>>>>

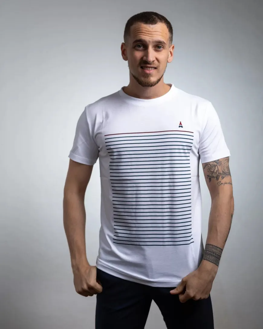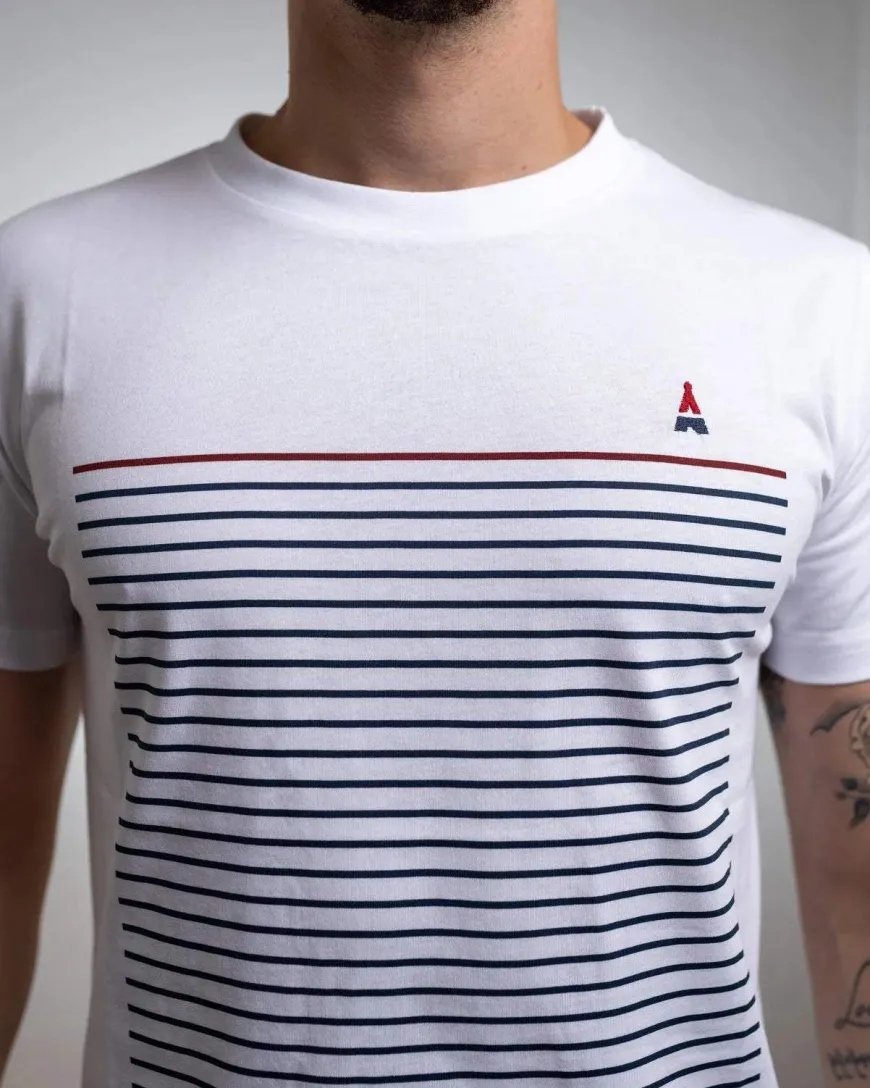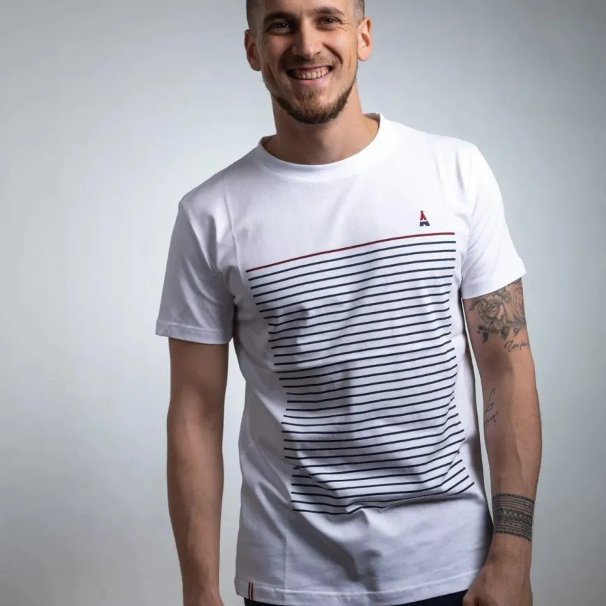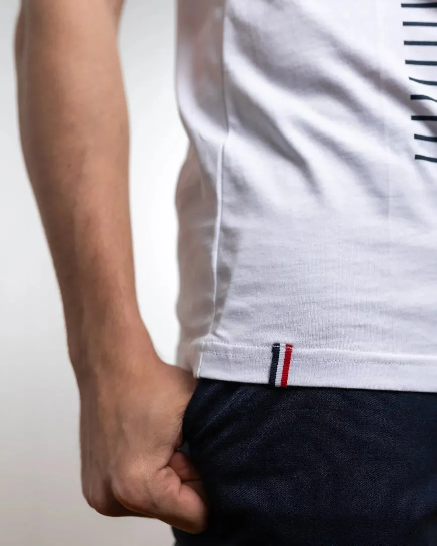 T-shirt 100% coton bio, 180 g/m² de douceur. Pour info, ce T-shirt n’a parcouru en moyenne que 1580 kilomètres avant d’arriver dans votre armoire. Pas mal non ?
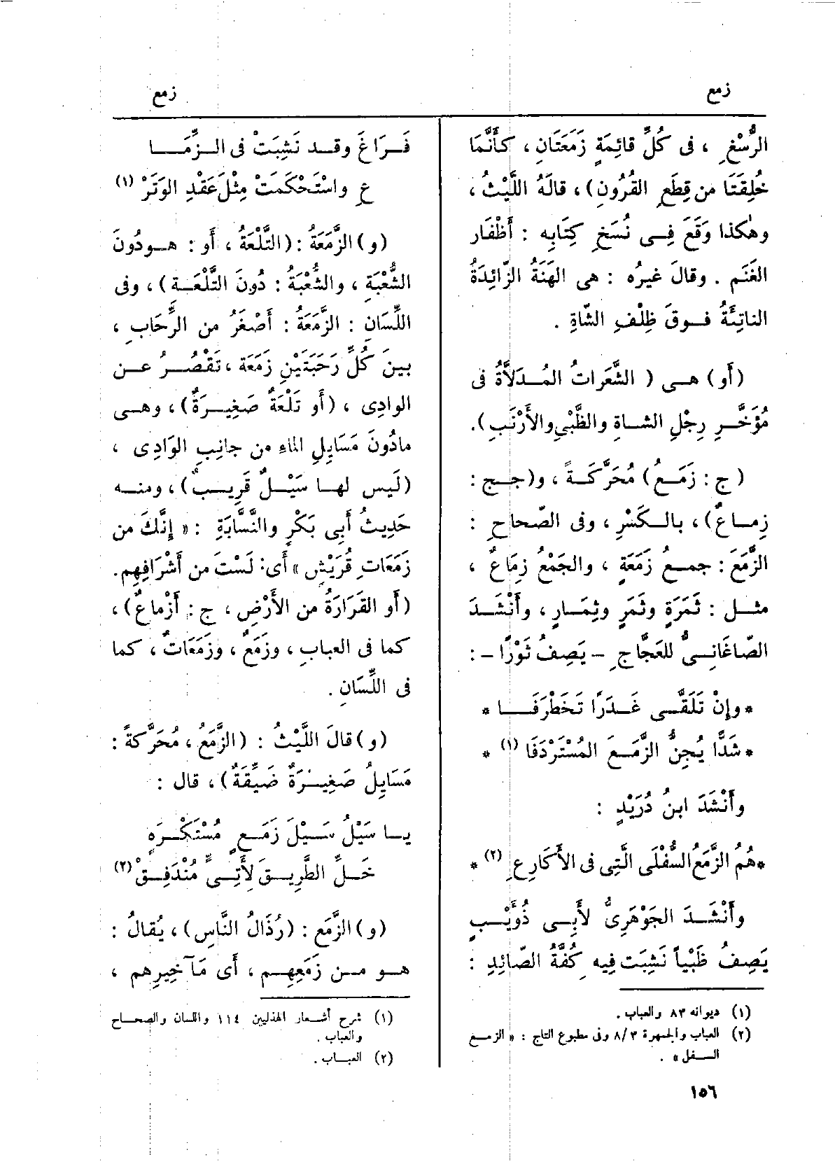وَأنْشد ابْن دُرَيْدٍ: همُ الزَّمَعُ السُّفلى الَّتِي فِي الأَكارِعِ وَأنْشد الجَوْهَرِيّ لأبي ذُؤَيْبٍ يصفُ ظَبْيَاً نَشِبَت فِيهِ كُفَّةُ الصائدِ:
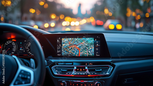 close-up of car dashboard featuring GPS navigation, with evening city lights and blurred traffic outside, evoking ambiance of an urban drive at twilight. car dashboard featuring GPS navigation
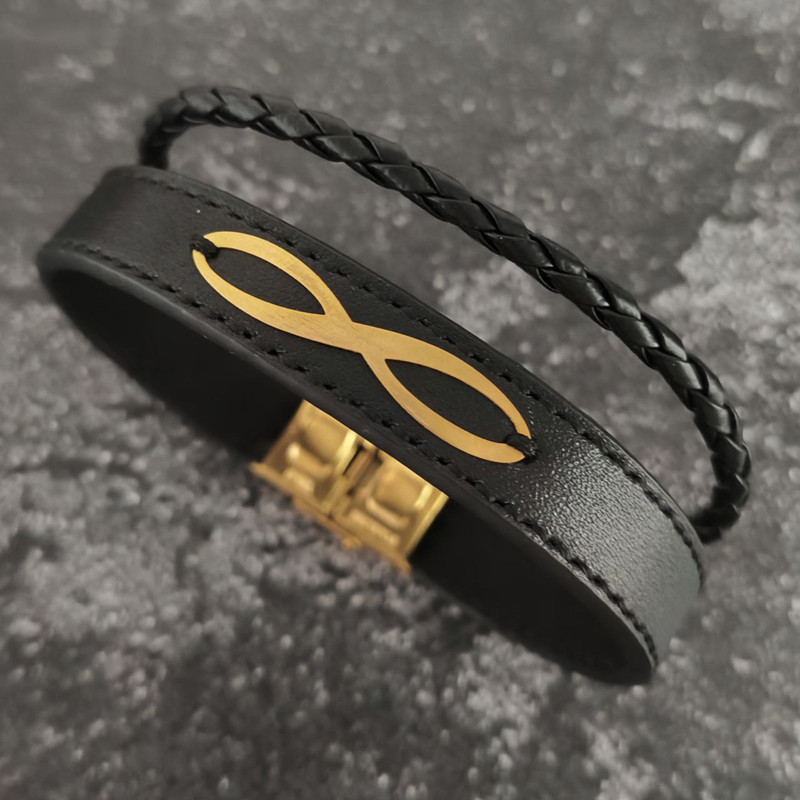 دستبند چرم و طلای طرح بینهایت، یه کار خاص و شیک برای آقایون میباشد.
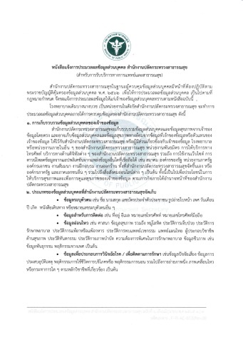 หนังสือแจ้งการประมวลผลข้อมูลส่วนบุคคล รพ.เดิมบางนางบวช
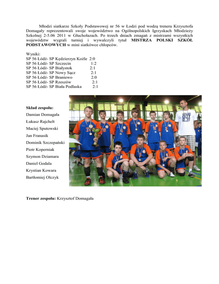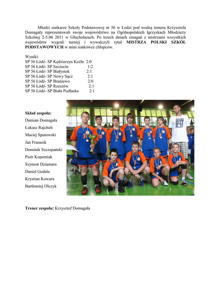 Młodzi siatkarze Szkoły Podstawowej nr 56 w Łodzi pod wodzą trenera Krzysztofa Domagały reprezentowali swoje województwo na Ogólnopolskich Igrzyskach Młodzieży Szkolnej 2-5.06 2011 w Głuchołazach. Po trzech dniach zmagań z mistrzami wszystkich województw wygrali turniej i wywalczyli tytuł MISTRZA POLSKI SZKÓŁ PODSTAWOWYCH w mini siatkówce chłopców. Wyniki: SP 56 Łódź- SP Kędzierzyn Koźle SP 56 Łódź- SP Szczecin SP 56 Łódź- SP Białystok SP 56 Łódź- SP Nowy Sącz SP 56 Łódź- SP Braniewo SP 56 Łódź- SP Rzeszów SP 56 Łódź- SP Biała Podlaska 2:0 1:2 2:1 2:1 2:0 2:1 2:1 Skład zespołu: Damian Domagała Łukasz Rajchelt Maciej Sputowski Jan Franasik Dominik Szczepański Piotr Koperniak Szymon Dziamara Daniel Godala Krystian Kowara Bartłomiej Olczyk Trener zespołu: Krzysztof Domagała
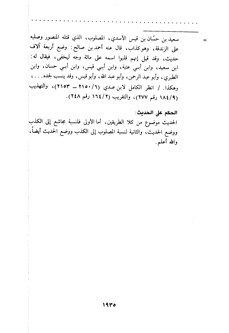 = سعيد بن حسّان بن قيس الأسدي، المصلوب، الذي قتله المنصور وصلبه على الزندقة، وهو كذاب، قال عنه أحمد بن صالح: وضع أربعة آلاف حديث، وقد قيل إنهم قلبوا اسمه على مائة وجه ليخفى، فيقال له: ابن سعيد، وابن أبي عتبة، وابن أبي قيس، وابن أبي حسان، وابن الطبري، وأبو عبد الرحمن، وأبو عبد الله، وأبو قيس، وقد ينسب لجده ... ، وهكذا./ انظر الكامل لابن عدي (6/ 2150 - 2153)، والتهذيب (9/ 184رقم 277)، والتقريب (2/ 164رقم 248).
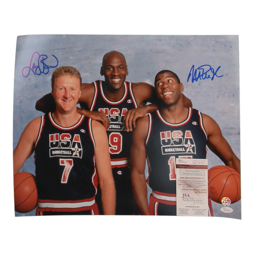 Larry Bird & Magic Johnson Signed Team USA 16x20 Photo (JSA & Bird)

<<<<

**Instructions to follow**: Give back the whole listing exactly as it stands. No pictures belong in the copy.

**Result of this exercise**:
 T-shirt 100% coton bio, 180 g/m² de douceur. Pour info, ce T-shirt n’a parcouru en moyenne que 1580 kilomètres avant d’arriver dans votre armoire. Pas mal non ?
وَأنْشد ابْن دُرَيْدٍ: همُ الزَّمَعُ السُّفلى الَّتِي فِي الأَكارِعِ وَأنْشد الجَوْهَرِيّ لأبي ذُؤَيْبٍ يصفُ ظَبْيَاً نَشِبَت فِيهِ كُفَّةُ الصائدِ:
 close-up of car dashboard featuring GPS navigation, with evening city lights and blurred traffic outside, evoking ambiance of an urban drive at twilight. car dashboard featuring GPS navigation
 دستبند چرم و طلای طرح بینهایت، یه کار خاص و شیک برای آقایون میباشد.
 หนังสือแจ้งการประมวลผลข้อมูลส่วนบุคคล รพ.เดิมบางนางบวช
 Młodzi siatkarze Szkoły Podstawowej nr 56 w Łodzi pod wodzą trenera Krzysztofa Domagały reprezentowali swoje województwo na Ogólnopolskich Igrzyskach Młodzieży Szkolnej 2-5.06 2011 w Głuchołazach. Po trzech dniach zmagań z mistrzami wszystkich województw wygrali turniej i wywalczyli tytuł MISTRZA POLSKI SZKÓŁ PODSTAWOWYCH w mini siatkówce chłopców. Wyniki: SP 56 Łódź- SP Kędzierzyn Koźle SP 56 Łódź- SP Szczecin SP 56 Łódź- SP Białystok SP 56 Łódź- SP Nowy Sącz SP 56 Łódź- SP Braniewo SP 56 Łódź- SP Rzeszów SP 56 Łódź- SP Biała Podlaska 2:0 1:2 2:1 2:1 2:0 2:1 2:1 Skład zespołu: Damian Domagała Łukasz Rajchelt Maciej Sputowski Jan Franasik Dominik Szczepański Piotr Koperniak Szymon Dziamara Daniel Godala Krystian Kowara Bartłomiej Olczyk Trener zespołu: Krzysztof Domagała
 = سعيد بن حسّان بن قيس الأسدي، المصلوب، الذي قتله المنصور وصلبه على الزندقة، وهو كذاب، قال عنه أحمد بن صالح: وضع أربعة آلاف حديث، وقد قيل إنهم قلبوا اسمه على مائة وجه ليخفى، فيقال له: ابن سعيد، وابن أبي عتبة، وابن أبي قيس، وابن أبي حسان، وابن الطبري، وأبو عبد الرحمن، وأبو عبد الله، وأبو قيس، وقد ينسب لجده ... ، وهكذا./ انظر الكامل لابن عدي (6/ 2150 - 2153)، والتهذيب (9/ 184رقم 277)، والتقريب (2/ 164رقم 248).
 Larry Bird & Magic Johnson Signed Team USA 16x20 Photo (JSA & Bird)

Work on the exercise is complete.